Der Nadalin ist eine der typischen und traditionellen Weihnachtssüßspeisen. Auch wenn er ursprünglich aus Verona stammt, so ist er inzwischen auch in anderen Regionen in Venetien verbreitet.

Der Legende zufolge gibt es ihn seit Ende des 13. Jahrhunderts, als er für das erste Weihnachtsfest nach der Machtergreifung der adeligen Scaliger gebacken wurde.
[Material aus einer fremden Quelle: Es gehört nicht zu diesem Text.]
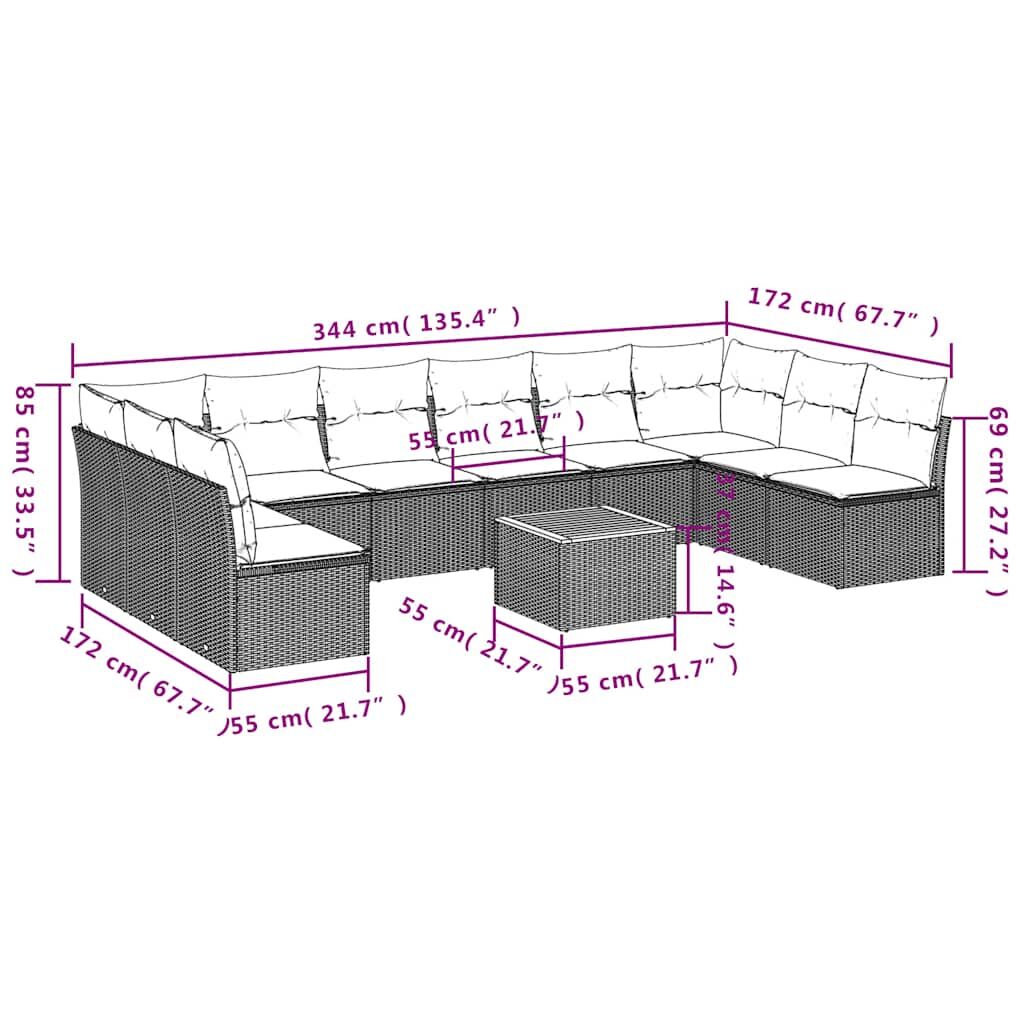 $851.39This garden sofa set is the perfect addition to your backyard, terrace, or patio, providing a comfortable and inviting space for chatting with family and friends or simply relaxing and enjoying the outdoors. Durable material: PE rattan, also known as poly rattan, is a strong, low-maintenance synthetic material that looks like natural rattan. It's lightweight, easy to clean, and commonly used for outdoor furniture due to its durability and weather-resistant properties.Storage function with water-resistant bag: Each garden seat features storage space under the seat, complete with a water-resistant bag for storing cushions, toys, and other items. The inner bags have a top cover and can be securely fastened to the seats with hook-and-loop fasteners for added stability.Stable and easy-to-clean tabletop: This garden table has an acacia wood top that is sturdy, durable, and easy to clean with a damp cloth.Removable and washable cover: These seat cushions feature removable covers for easy washing and maintenance.Modular design: This outdoor furniture set has a modular design, making it completely flexible and easy to move around, so you can create a customised outdoor furniture arrangement. Good to know:To make sure your outdoor furniture stays beautiful, we recommend protecting it with a waterproof cover.

Der Nadalin kann als kleinere Grundform des berühmteren und stärker beworbenen Pandoro betrachtet werden. Er echoet dieses wahre Symbol veronesischer Weihnachtssüßspeisen auch mit seiner 8-zackigen Sternenform.

Mit dem hier vorgeschlagenen Nadalin-Rezept wird ein etwa 1 kg schwerer Kuchen gebacken.

 icon-cutlery Zutaten:

  •  500 g Mehl
  • 200 g Butter
  • 3 Eier
  • 150 g Zucker
  • 60 g Bierhefe
  • 60 Gramm Pinienkerne
  • 60 g gehackte Mandeln
  • 100 g Puderzucker
  • Zitrone
  • Vanille
  • Salz

icon-cutlery Zubereitung:

Der Nadalin ist einfacher zu backen als der Pandoro, da dieser einer längeren und sorgfältigeren Verarbeitung bedarf!

Die weiche Butter mit den Eiern, dem Mehl, dem Zucker und Zitronensaft, der Bierhefe, einer Prise Salz und dem Vanillearoma vermengen (falls der Teig zu hart ist, ein paar Esslöffel Milch hinzufügen). Den Teig ihn eine große Schüssel geben, diese mit einem Geschirrtuck abdecken und an einem warmen Ort für ca. 3 Stunden soweit aufgehen lassen, bis er sein Volumen verdoppelt hat.

Nun wird der Teig in Sternenform geschnitten: Dafür zwei tiefe horizontale und senkrechte Schnitte vornehmen. Nach und nach die acht einzelnen Stücke nach außen und unten ziehen, so dass der Kuchen eine Sternenform annimmt.

Eine einfachere Alternative ist das Backen des Kuchen in einer sternförmigen Backform aus Papier.

Den Kuchen mit in Butter eingefetteten Pinienkernen und Mandeln dekorieren. Im vorgeheizten Ofen bei 180 Grad 40-45 Min. backen, danach großzügig mit Puderzucker bestreuen.